This is resisted by Bell.
Apart from the issue of the first trial, Bell does not put forward submissions
against an adverse order
as to costs on a party–and–party
basis.
- Essentially,
it was argued that Bell conducted the trials in a way that was plainly
unreasonable. Further, the first defendant relies
upon a Calderbank
letter to seek indemnity costs (or solicitor-client) costs from 2 July 2008.
The question then arises whether it was unreasonable
for Bell not to accept the
Calderbank offer contained in the Calderbank letter, assuming the
offer was to be so treated.
- Undoubtedly,
Bell’s case was founded on a series of varying and implausible
conjectures, which I found were explicable and
could not be a basis for a
determination in favour of Bell. Moreover, Bell had the advantage of the first
trial and the decision
of the Full Court to consider its case before embarking
upon the second trial.
- It
was argued by Bell that no order as to costs should be made as the application
was made in the public interest.
- I
do not consider that, even if there was a public interest element in this
proceeding, this would be reason to make no order as
to costs. Bell brought
this proceeding to primarily protect its own interests, and was eventually
unsuccessful.
- Nevertheless,
I do not consider that Bell should pay any costs on an indemnity basis. Up
until the second trial, there were objective
matters which gave some basis to
continue with the proceedings. Finkelstein J found in favour of Bell, and as
the Full Court said
in Life Therapeutics Limited v Bell IXL Investments
Limited [2008] FCAFC 144 at [35]:
There was evidence led at trial from which it was open to the primary judge
to infer that the allotment of shares was made not to
benefit LFE but to support
the directors and keep them in office. That inference was not inevitable but
much depended on when it
was to be inferred that the directors of LFE learned of
the acquisition by a large shareholder of about 7% of the issued stock and
what
was inferred to be the state of mind of the directors at that time. The making
of those inferences depended upon a number of
intermediate findings of fact,
none of which was made by the primary judge but, no less importantly, none of
which was rejected by
the primary judge. Some of those intermediate findings of
fact necessarily depended upon what assessment was made of the credibility
of
certain evidence given by particular witnesses and, for that matter, the
credibility of the witnesses generally. They are not
findings of fact which
this Court can make based only on the transcript of
evidence.
- The
trial before me involved the calling of further witnesses, namely Mr Milne
and Mr Waller. They were important witnesses,
and the acceptance of their
evidence by the Court was significant in a final determination dismissing the
proceeding. I do not think,
in view of the approach taken by Finkelstein J and
the Full Court, that Bell needed to capitulate completely at the time of the
offer,
especially without a complete picture of the evidence to be called before
me.
- I
do not accept the submissions of the defendants that the result in this case was
inevitable which Bell ignored.

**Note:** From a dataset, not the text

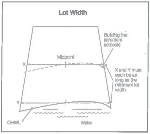 Building line: A line parallel to a lot line or the ordinary high-water level at the required setback beyond which a structure may not extend.

The case depended
on an important part of the
oral evidence of the individual directors, which was appropriately tested, but
in the end the evidence
was accepted by the Court.
- Further,
I do not consider that the Calderbank offer (assuming it can be so
characterised) was unreasonably rejected. Obviously I take into account its
rejection by Bell, but
I pay higher regard to the time when the offer was made,
the time allowed to consider the offer, the extent of the compromise offered,
and the fact that the prospects of success as at the date of the offer were
difficult to assess, involving issues of credibility
and at a time before all
the sworn evidence to be relied upon by the defendants was filed and
served.
- For
the reasons stated by Bell in its written submissions, I do not regard the
conduct of Bell as being unreasonable: (see Kernaghan v Corrections
Corporation of Australia Staff Superannuation Pty Ltd (No. 3) [2007] FCA
2018 at [13-14] per North J, and Hazeldene’s Chicken Farm Pty Ltd v
Victorian Workcover Authority (No 2) (2005) 13 VR 435, 441).
- The
question then arises as to what costs order is appropriate to make as to the
first trial before Finkelstein J. The Full
Court determined that the
matter of costs of the first trial be considered after the re-trial
determination.
- If
the rehearing was based upon the same evidence as before Finkelstein J, then in
view of the result, it would be appropriate to
make an order for costs in
relation to the first trial in favour of the defendants.
- However,
as I have said, the defendants did call additional witnesses, which were
important to the determination of this proceeding
in favour of the defendants.
These witnesses could have been called by the defendants at the first trial.
The Full Court, in the
passage referred to above in ordering a re-trial,
referred to the necessary dependence on the assessment of the credibility of
witnesses.
- I
consider that no order should be made in favour of any party as to the costs of,
and incidental to, the proceedings before Finkelstein
J.
- Finally,
as to the second and third defendants, I consider that their appearances on
31 July 2008 were appropriate and prudent,
and that they should be entitled
to their costs of that day.
- The
second defendant further argued that Bell commenced and continued with the
proceedings without articulating how it was entitled
to any remedy against the
second defendant, and despite comments made by Finkelstein J at the first
hearing indicting he would
grant no relief against it. It was contended that in
the circumstances the second defendant should be awarded costs on an indemnity
basis.
- The
second defendant made no application for summary dismissal of the proceedings
against Bell on this basis, and the matter proceeded
by the second and third
defendants being represented by the same Counsel and solicitors for the purposes
of the trial.
- It
seems to me that the second defendant was a proper party. It sought to be heard
to oppose, on behalf of the beneficial owners,
the cancellation of the relevant
shares. I do not accept the arguments of the second defendant seeking indemnity
costs because the
joinder of the second defendant as a party was
appropriate.
- Therefore,
the appropriate costs orders which I propose to make are:
- The plaintiff
pay the costs of the first defendant of the proceeding, other than costs of and
incidental to the trial before Finkelstein J.
- The plaintiff
pay the costs of the second and third defendants of the proceeding (including of
and incidental to the hearing on 31 July
2008) other than costs of and
incidental to the trial before Finkelstein J.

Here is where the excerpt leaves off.